The simplest kind of recursion is a linear recursion (linrec). This is a pattern when a function calls itself once, or terminates when some condition is met. Basically it means that in order to do any linear recursion function we need four non-recursive functions:
- a stop condition,
- a “then” function, which is called when condition is met before stopping the recursion, produces a final value,
- a “before” function, which is called before the recursive call to produce new arguments,
- an “after” function, which is called after the recursive call to process the returned value.

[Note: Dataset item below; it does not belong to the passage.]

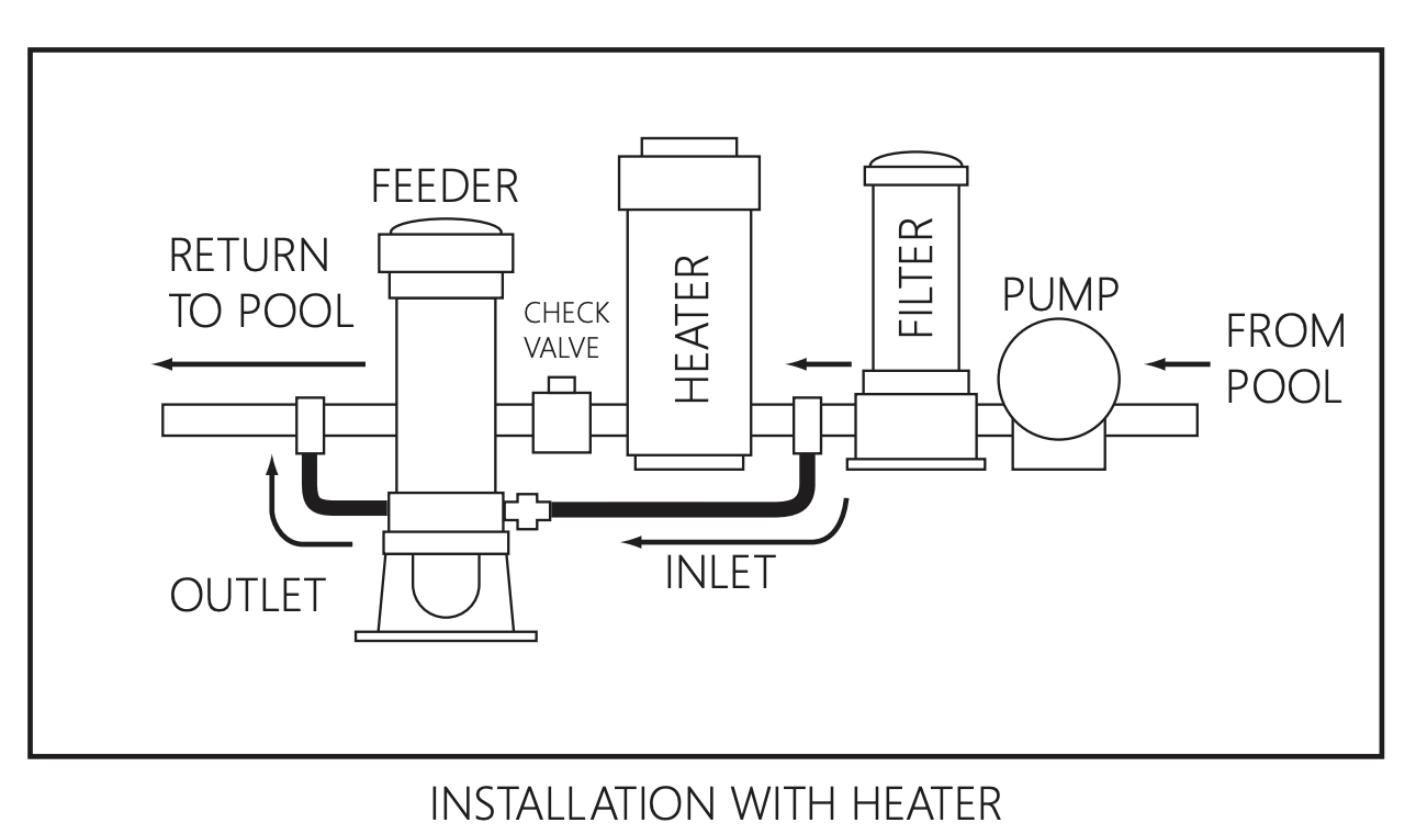 Install after the filter, pool cleaner, diverter valves, heater (if installed) and any other installed equipment to prevent damage.

Let’s code it up using lambdas (read more on them in Functional fun in JavaScript with Dojo):
var df = dojox.lang.functional;
var linrec = function(cond, then, before, after){
var cond = df.lambda(cond),
then = df.lambda(then),
before = df.lambda(before),
after = df.lambda(after);
return function(){
if(cond.apply(this, arguments)){
return then.apply(this, arguments);
}
var args = before.apply(this, arguments);
var ret = arguments.callee.apply(this, args);
return after.call(this, ret, arguments);
};
};
The code is simple, yet flexible. Let’s go over all 4 parameter functions:
- cond() takes all parameters passed to the linrec() and returns a Boolean value. If it is true, we stop recursions and call then(), otherwise we proceed to before().
- then() takes all parameters passed to the linrec() and returns a value, which in turn will be the returned value of the linrec().
- before() sets up the recursion arguments. It takes all parameters passed to linrec() and returns an array of new parameters to call linrec() recursively.
- When the recursive call is finished we process its return with after(). It takes two parameters: the returned value, and the array of all arguments passed to our linrec(). It returns a new value, which will be the returned value of linrec().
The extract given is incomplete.